Saturday, July 02, 2011

Ernie

If I miss your paper skin and shaking hands
then they are not entirely gone; if the membrane
of the sky still shivers with your inhalation,
you are not dead. If the knife that cut your abdomen clean
under a tent in the South Pacific, and fished
the swollen worm of your appendix onto a dish,
is still in a cracking leather case in a closet, somewhere, anywhere –
Dad's surgical kit from the war, would like a museum want this?
then your blood must still be beating – up and over the hills –
under the river where Tony-Dog anxiously watched you swim.

But this is not afterlife we talk of here, this cloud
that sinks slow and blurs white in a medicinal glass, this
morning half-grapefruit and bowl of mush that we can't believe
there's no one here to eat.

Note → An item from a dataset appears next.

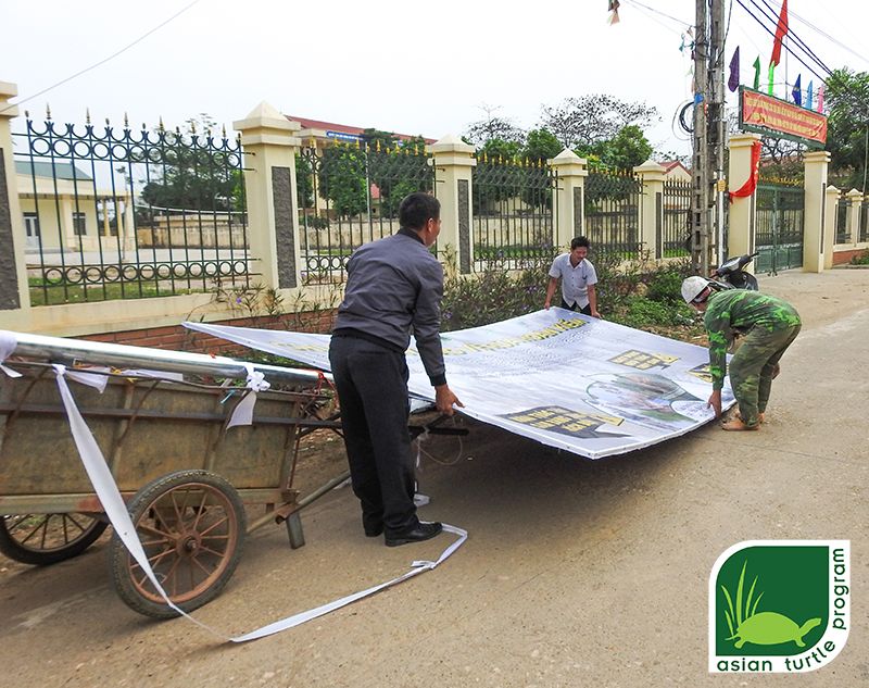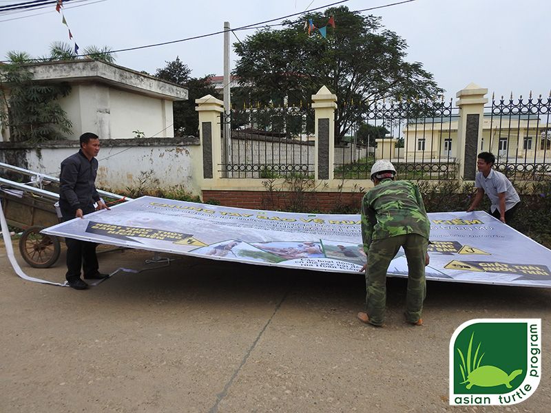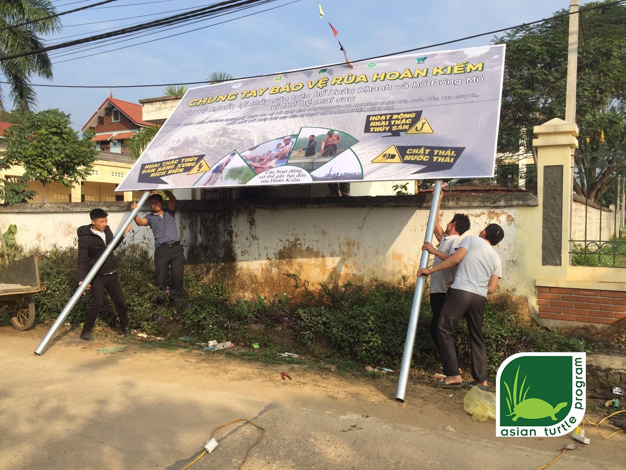 With this in mind, on 30th December 2019, ATP/IMC coordinated with the Ha Noi Fisheries Department to set up an educational signboard in front of the community house (the cultural and sports center of Phu Yen village), helping people easily access information of signpost. The signboard calls for local people to join hands to protect Hoan Kiem turtle, as well as highlighting some activities which negatively impact on this species. Local authorities and people have actively supported ATP/IMC during the process of building this signboard, and we hope it will be read and celebrated by the whole community.

This is the startling chitter of squirrels
outraged by by your cat, and all the inexplicable continuations,
all the things that should have disappeared when you did:
the warmth of your wife's skin, the laughter of your daughter's eyes.

4 comments:

marly youmans said...

Membrane of the sky... shivering. I like that especially, and the tone, elegiac but restrained.

carolee said...

this is beautiful. it's a gift to be able to write so vividly of another person.

Mary Witzl said...

This makes me wonder who Ernie was, and how he got through that appendectomy, and what his life was like, and who had the job of going through his things after he died. It is so beautifully written -- and I am over-the-top fussy about poetry.

Dale said...

Thanks, all! -- My father in law, Mary, who died last year.